Integrative metabolome and transcriptome analysis reveals GbKCS and GbMYB involved in the biosynthesis of ginkgolic acids

Ginkgolic acids is a sort of phenolic lipid compound predominantly enriched in the episperm of Ginkgo biloba. Ginkgolic acids exhibits cytotoxicity and allergenic effects, providing a defense against a variety of biotic stresses from insects, fungus, and bacteria.

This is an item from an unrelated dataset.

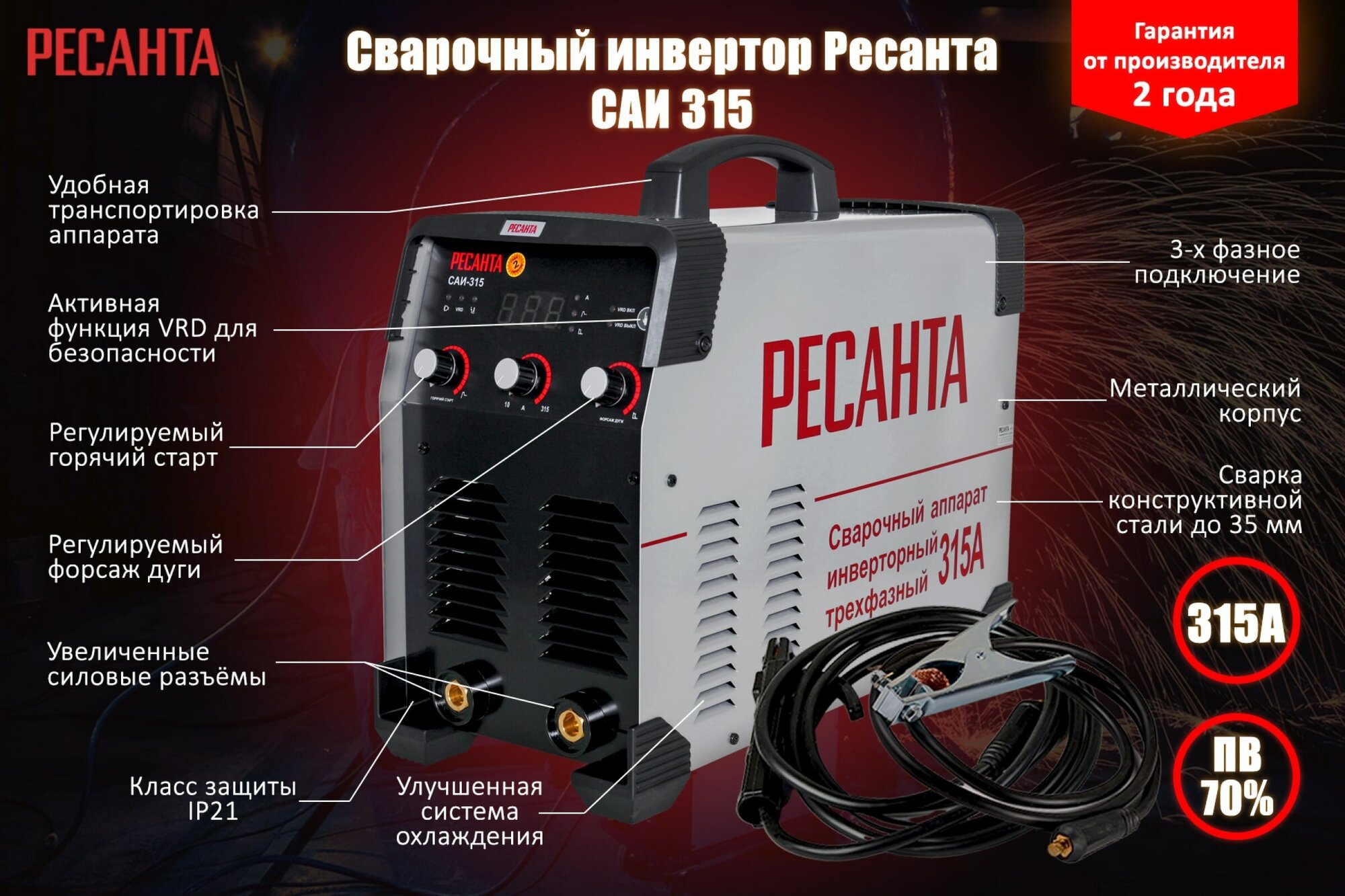 Аппарат сварочный Ресанта САИ 315 инверторный, трехфазный, 65/25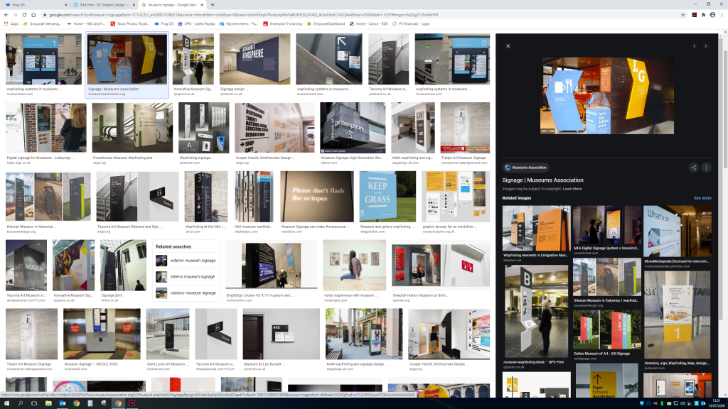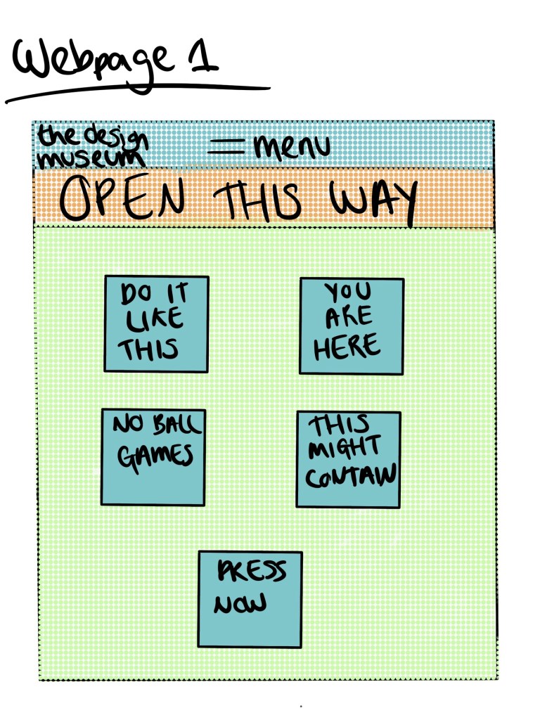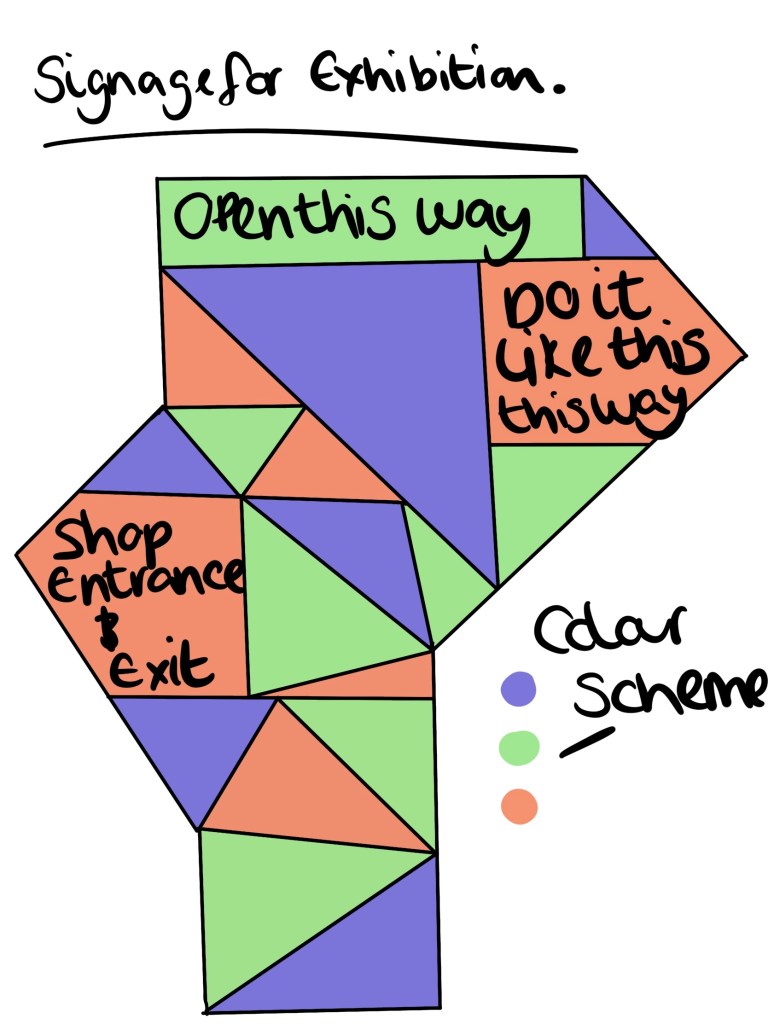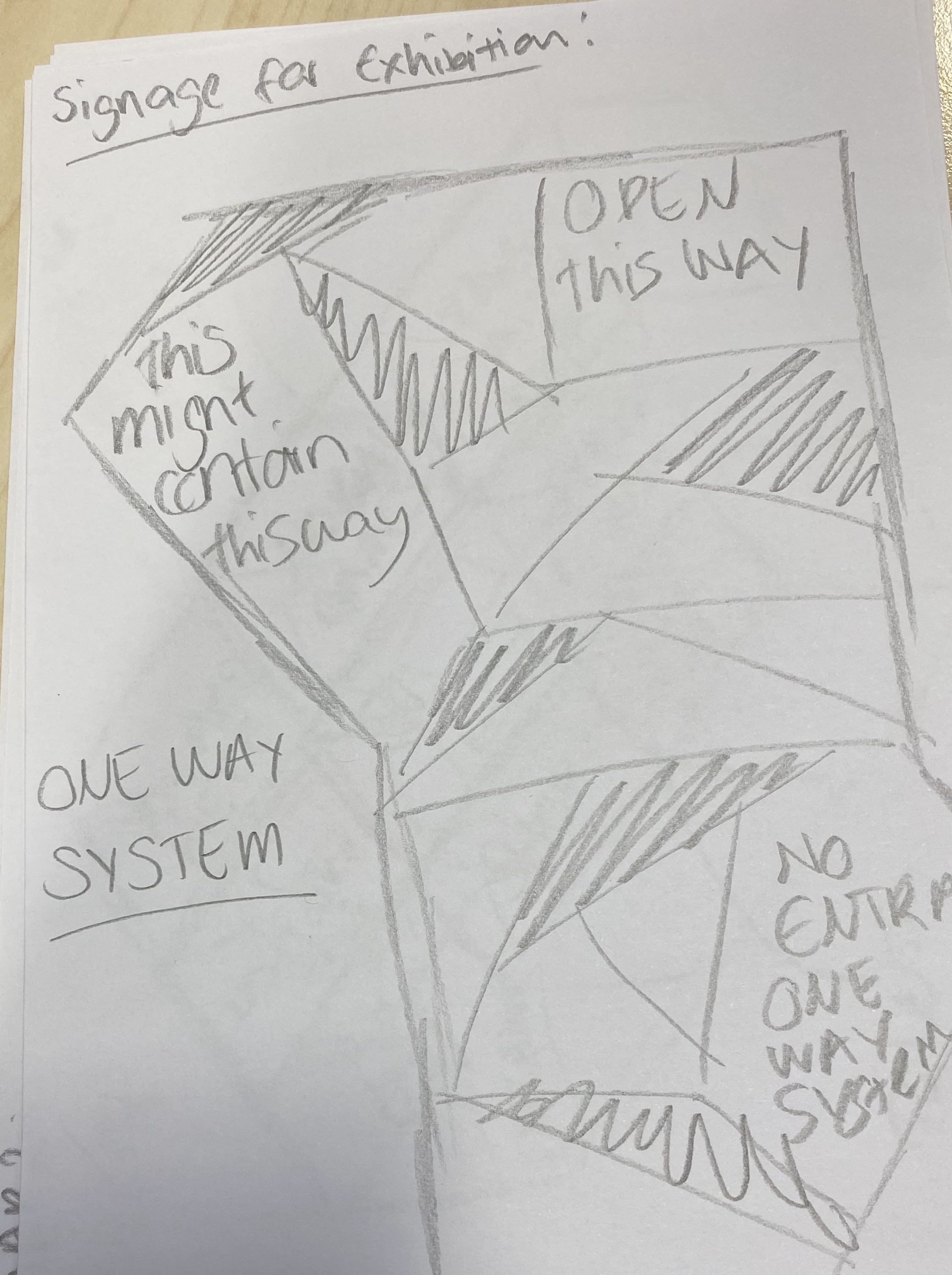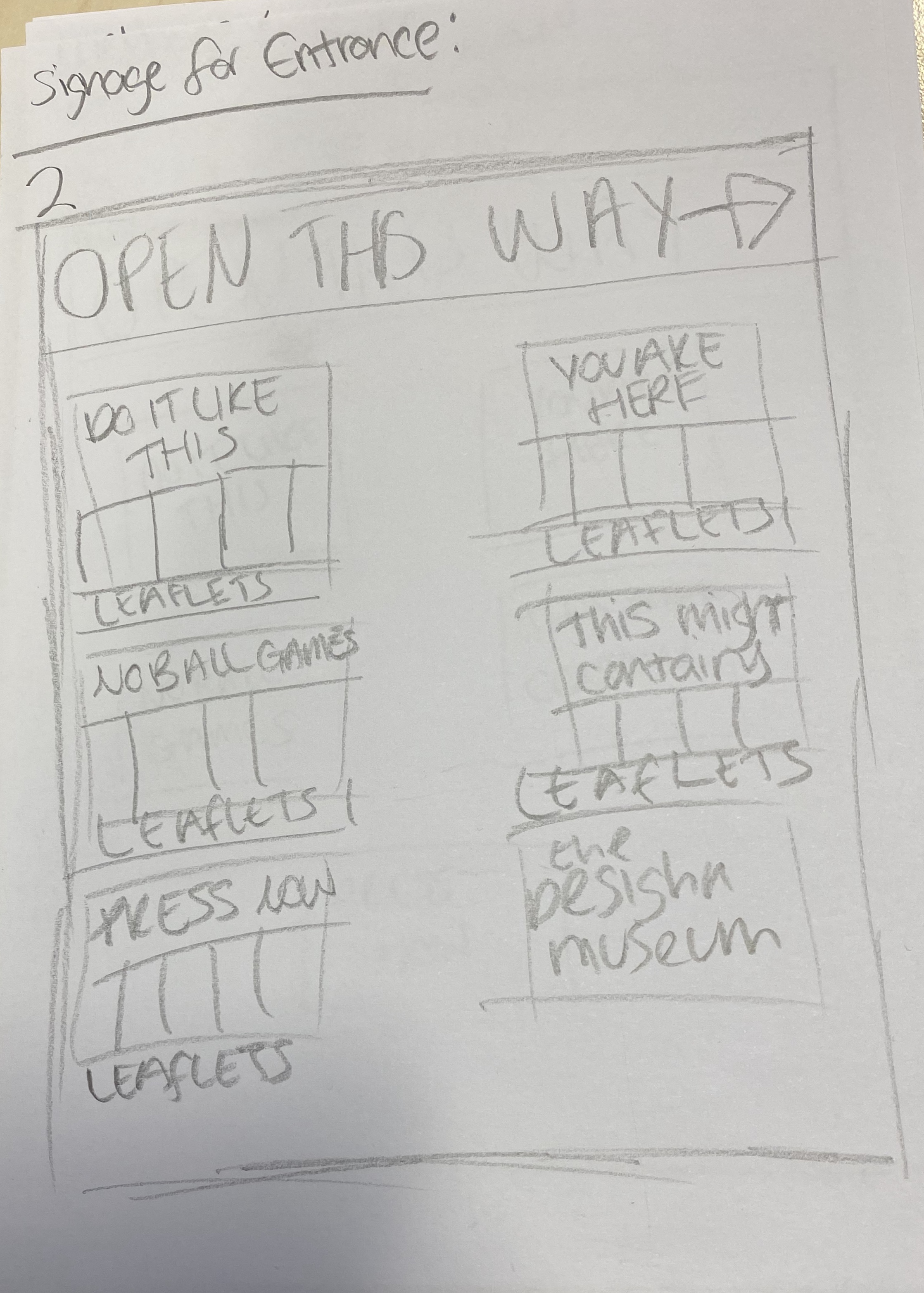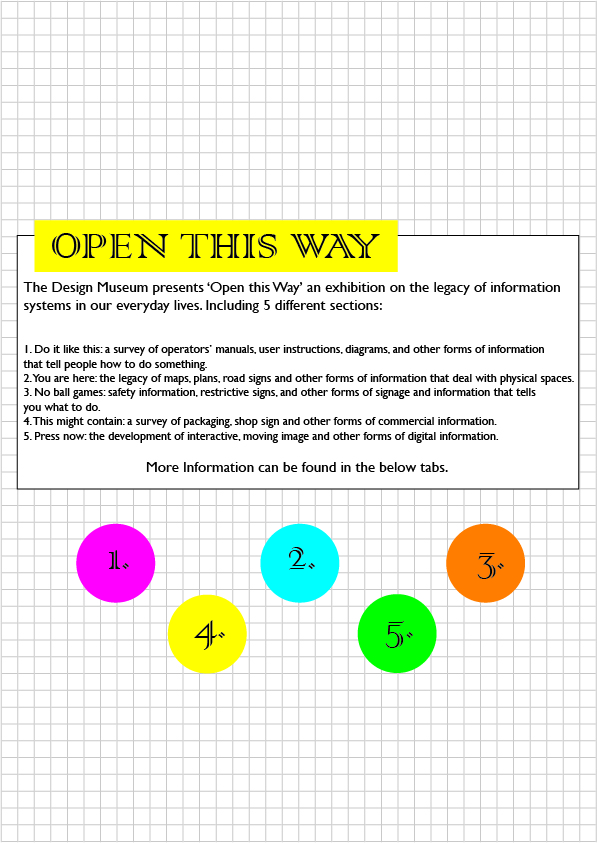 The overall look of the exhibition works really well, coinciding the colour scheme, font and general look together with the already put in place design taken from my research. Looking at the features i would probably add more information if i was to repeat the task as the information is very minimal but as i imagine this exhibit will not be free, its good to keep the mystery about the exhibit to encourage people to attend. I wanted to keep with a one way system for the map as i believe this is what would take place now due to current restrictions from the coronavirus global pandemic. I also feel it would add a level of structure to the exhibit which seems fitting given the nature and the title ‘Open this way’.

Ginkgolic acids specifically accumulates in the episperm of Ginkgo biloba, providing the seeds with a unique defence mechanism against biotic stresses and ensuring their survival. However, the regulatory mechanism of ginkgolic acids (GA) biosynthesis remains unclear. In this study, we performed combined metabolome and transcriptome analysis to identify key genes and metabolites involved in ginkgolic acids biosynthesis. The ginkgolic acids, including 6-[(8Z)-Pentadecenyl]-salicylic acid (GA 15:1), 2-hydroxy-6-pentadecylsalicylic acid (GA 15:0) and 5-(8-Pentadecenyl)-1, 3-benzenediol (BL 15:1), as well as their precursors, palmitic acid (FA 16:0) and palmitoleic acid (FA 16:1) were detected and showed regular changes in content during episperm development. From co-expression profiles of the differentially expressed genes, three enzyme-encoding genes including one ketoacyl-CoA synthase gene (GbKCS5) and two long-chain acyl-CoA synthase genes (GbAcsl4 and GbAcsl7) positively associated to GA 15:1 were identified as key candidates. Furthermore, coexpression analysis demonstrates that these genes might be negatively and positively regulated by the bHLH and MYB transcription factors, respectively. In addition, the endogenous jasmonic acid (JA) level in Ginkgo episperm were strongly associated with candidate ginkgolic-acid-related genes and metabolites. And JA may be an important regulator involved in ginkgolic acids biosynthesis. Exogenous JA treatment improved the expression of the GbMYB14, GbKCS5, GbAcsl4 and GbAcsl7 genes, while inhibited most Gb-bHLH genes, which was proposed to be significantly increased ginkgolic acids content. Our findings indicate that application of JA in the Ginkgo episperm can alter the expression levels of genes associated with ginkgolic acids and increase the production of ginkgolic acids. This provides a new insight for research on the regulation and utilization of ginkgolic acids.